'I did not build the bomb. I only showed that it exists' - pastalex
http://motherboard.vice.com/read/big-data-cambridge-analytica-brexit-trump
======
rdhyee
A summarizing paragraph about the difference between approaches taken by the
campaigns of Hillary Clinton and Donald Trump
([https://hyp.is/u4tphuVzEea0AVcCYuOojw/motherboard.vice.com/r...](https://hyp.is/u4tphuVzEea0AVcCYuOojw/motherboard.vice.com/read/big-
data-cambridge-analytica-brexit-trump)):

> Again, this is nothing new. The Democrats did similar things, but there is
> no evidence that they relied on psychometric profiling. Cambridge Analytica,
> however, divided the US population into 32 personality types, and focused on
> just 17 states.
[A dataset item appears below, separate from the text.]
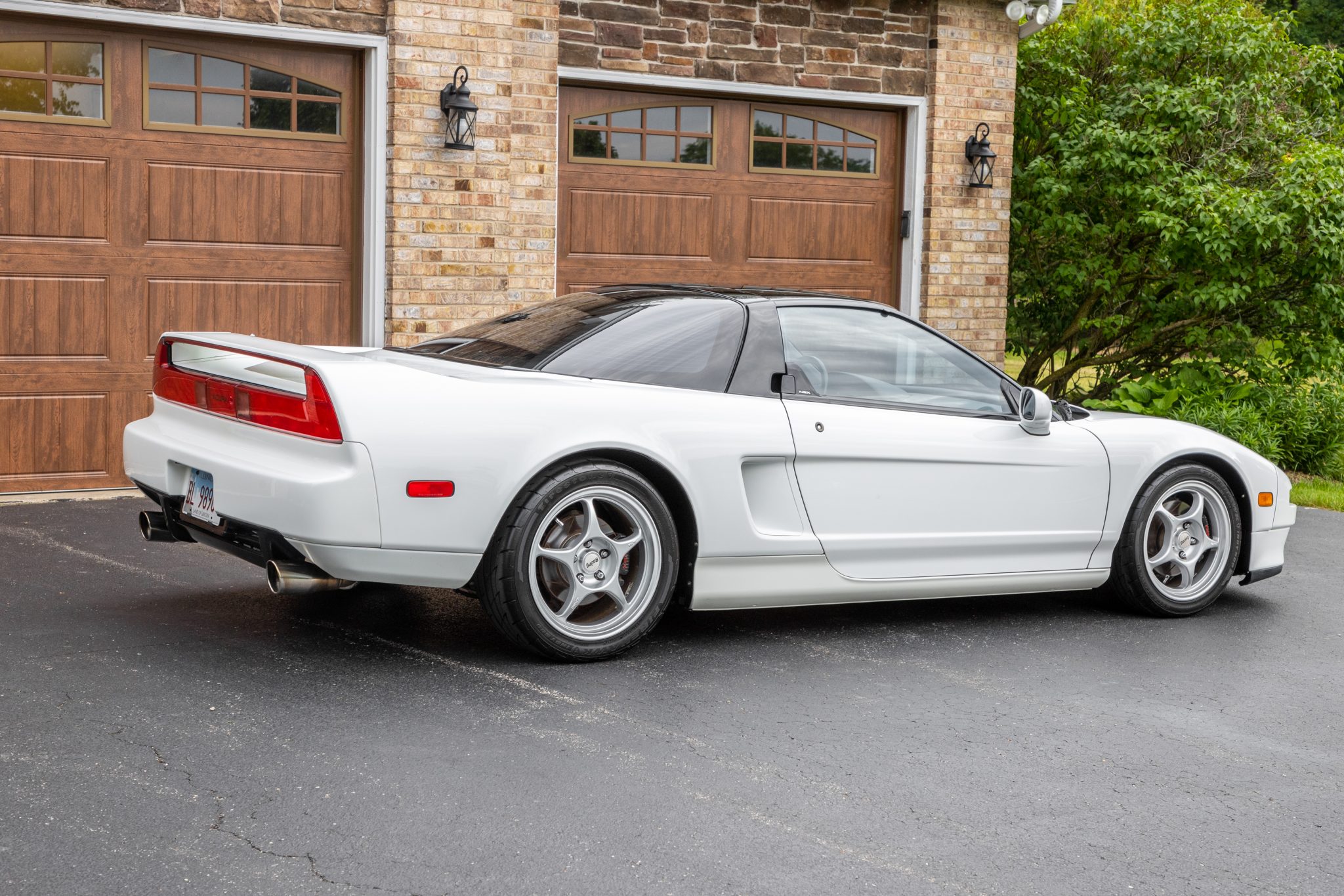 Silver-finished 16″ and 17″ Enkei wheels are mounted with Firestone Firehawk Indy 500 tires that measure 205/45 up front and 255/40 out back. Black-finished NSX-branded calipers are fitted over slotted rotors at all four corners, and the anti-lock system has been updated with a Science of Speed NA2 conversion. Bilstein dampers have been fitted at the rear, and additional modifications consist of Comptech sway bars and rear toe links along with NSX-R front chassis reinforcement bars.

And just as Kosinski had established that men who like MAC
> cosmetics are slightly more likely to be gay, the company discovered that a
> preference for cars made in the US was a great indication of a potential
> Trump voter. Among other things, these findings now showed Trump which
> messages worked best and where. The decision to focus on Michigan and
> Wisconsin in the final weeks of the campaign was made on the basis of data
> analysis. The candidate became the instrument for implementing a big data
> model.